What does Smurf Attack mean?
A smurf attack is a type of denial of service attack in which a system is flooded with spoofed ping messages. This creates high computer network traffic on the victim’s network, which often renders it unresponsive.
Smurfing takes certain well-known facts about Internet Protocol and Internet Control Message Protocol (ICMP) into account. ICMP is used by network administrators to exchange information about network state, and can also be used to ping other nodes to determine their operational status. The smurf program sends a spoofed network packet that contains an ICMP ping. The resulting echo responses to the ping message are directed toward the victim’s IP address.
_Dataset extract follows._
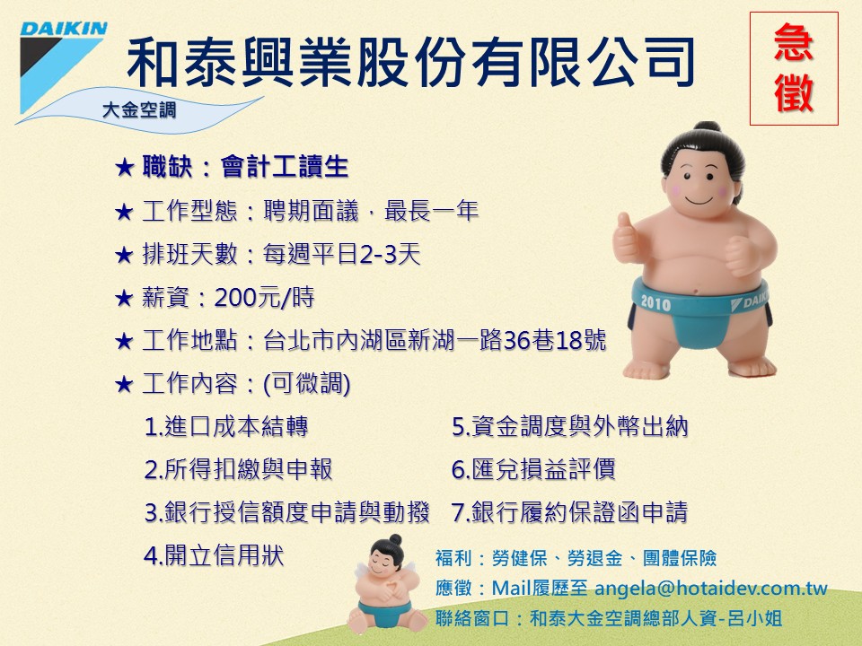 【工讀】【會計工讀生】和泰興業股份有限公司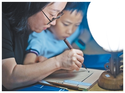 在南门“读者剧场”,游客写下自己心中的“岳阳楼记”。(覃 源摄)

Large number of pings and the resulting echoes can make the network unusable for real traffic.
Techopedia explains Smurf Attack
The following steps lead to a smurf attack:
- Huge numbers of ICMP requests are sent to the victim's IP address
- The source destination IP address is spoofed
- The hosts on the victim's network respond to the ICMP requests
- This creates a significant amount of traffic on the victim’s network, resulting in consumption of bandwidth and ultimately causing the victim’s server to crash.
To prevent a smurf attack, individual hosts and routers can be configured to be non-responsive to external ping requests or broadcasts. Routers can also be configured to ensure that packets directed to broadcast addresses are not forwarded.